* [Required action]:
Omit the images, then repeat the listing exactly.

* [Provided records]:
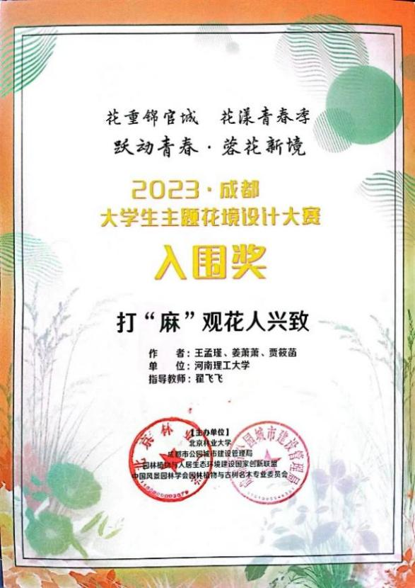 2023年上半年,由北京林业大学等主办的“2023·成都大学生主题花境设计大赛”征集设计作品。全国105所高等与大专院校覆盖1082人的有效参赛作品449组。由翟飞飞老师指导的设计作品《打“麻”观花人兴致》荣获入围奖是每日大赛 作品首次入围该项赛事该作品诠释了大运会“绿色、智慧、活力、共享”的理念,全面体现天府文化,植物配置结合可持续发展理念,将四川竹编传统文化呈现给公众,宣传中国非遗文化。
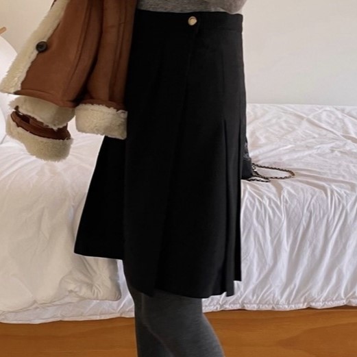 썸띵엘스 베리울랩스커트 검정치마 겨울 모직스커트
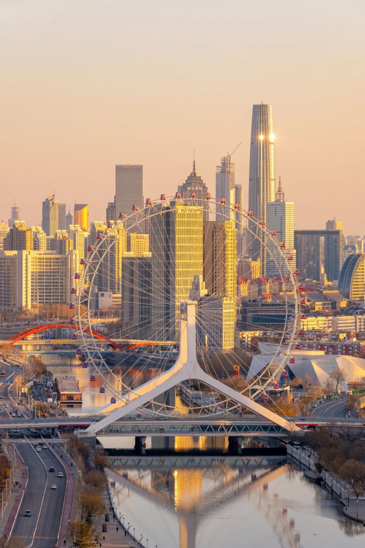 - [Attraction/experience] Italian Style Street, Pass by the Sancha River Estuary, the birthplace of Tianjin. This was once the site of Dayu's successful flood control and the outlet of the ancient Yellow River. The Haihe River is also known as the "Yu Gong Yellow River". You can see from a distance the Tianjin landmark adjacent to the Dabei Temple - the "Tianjin Eye", the world's largest bridge Ferris wheel with a diameter of 110 meters.
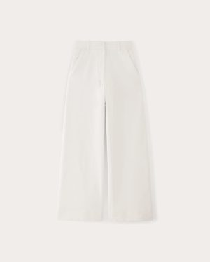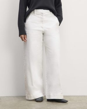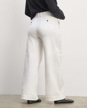 This piece features a wide leg. high rise. front angled pockets. and back welt pockets with button closure. in organic cotton.
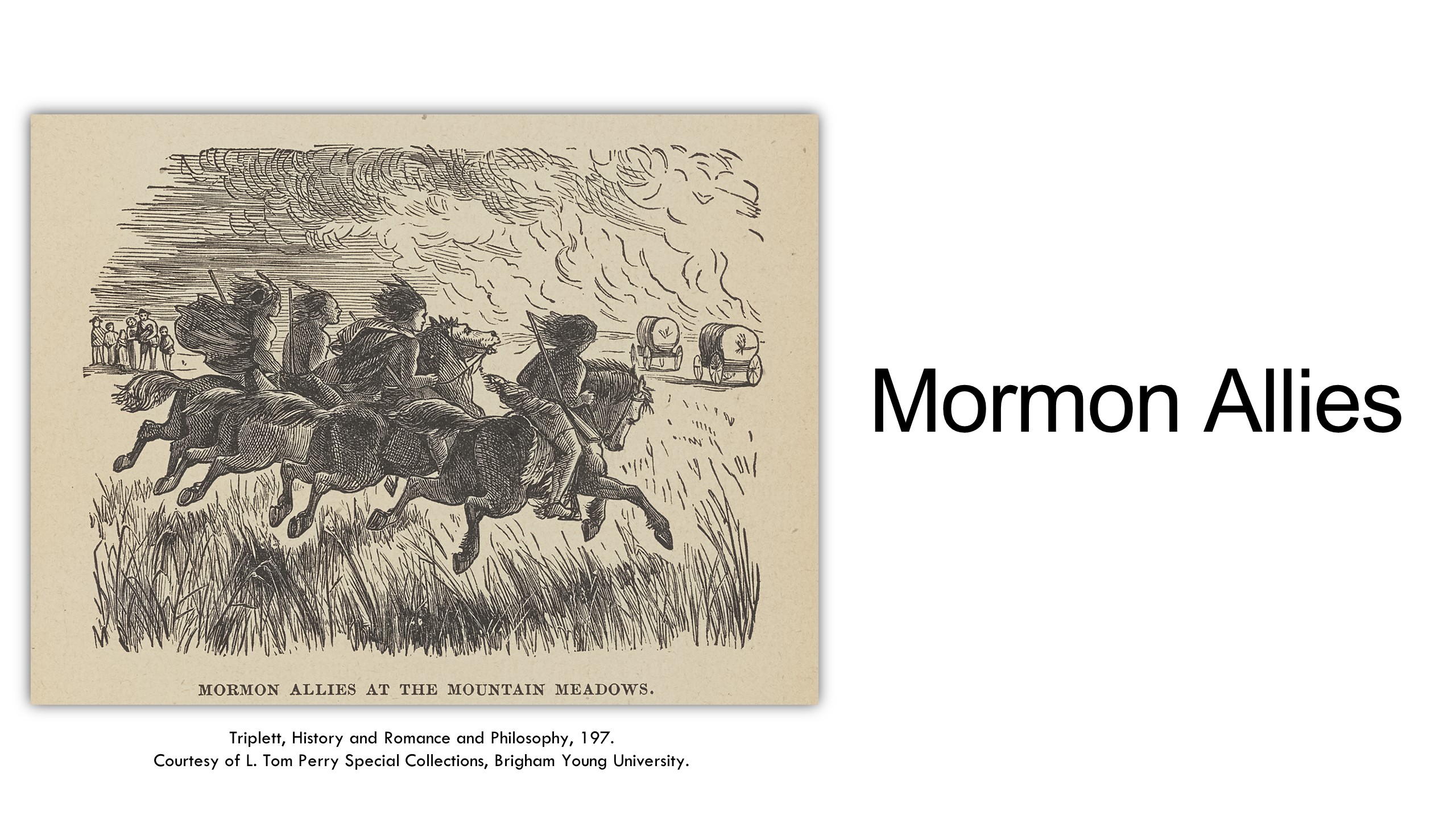 These are Mormon allies at Mountain Meadows. That rather than civilization, where savagery is met with opposition, Mormons wanted— And this, of course, is a caricature of Native peoples in the 19th century—but that Mormons brought in and were allied with the Indians.

* [Exercise result]:
 2023年上半年,由北京林业大学等主办的“2023·成都大学生主题花境设计大赛”征集设计作品。全国105所高等与大专院校覆盖1082人的有效参赛作品449组。由翟飞飞老师指导的设计作品《打“麻”观花人兴致》荣获入围奖是每日大赛 作品首次入围该项赛事该作品诠释了大运会“绿色、智慧、活力、共享”的理念,全面体现天府文化,植物配置结合可持续发展理念,将四川竹编传统文化呈现给公众,宣传中国非遗文化。
 썸띵엘스 베리울랩스커트 검정치마 겨울 모직스커트
 - [Attraction/experience] Italian Style Street, Pass by the Sancha River Estuary, the birthplace of Tianjin. This was once the site of Dayu's successful flood control and the outlet of the ancient Yellow River. The Haihe River is also known as the "Yu Gong Yellow River". You can see from a distance the Tianjin landmark adjacent to the Dabei Temple - the "Tianjin Eye", the world's largest bridge Ferris wheel with a diameter of 110 meters.
 This piece features a wide leg. high rise. front angled pockets. and back welt pockets with button closure. in organic cotton.
 These are Mormon allies at Mountain Meadows. That rather than civilization, where savagery is met with opposition, Mormons wanted— And this, of course, is a caricature of Native peoples in the 19th century—but that Mormons brought in and were allied with the Indians.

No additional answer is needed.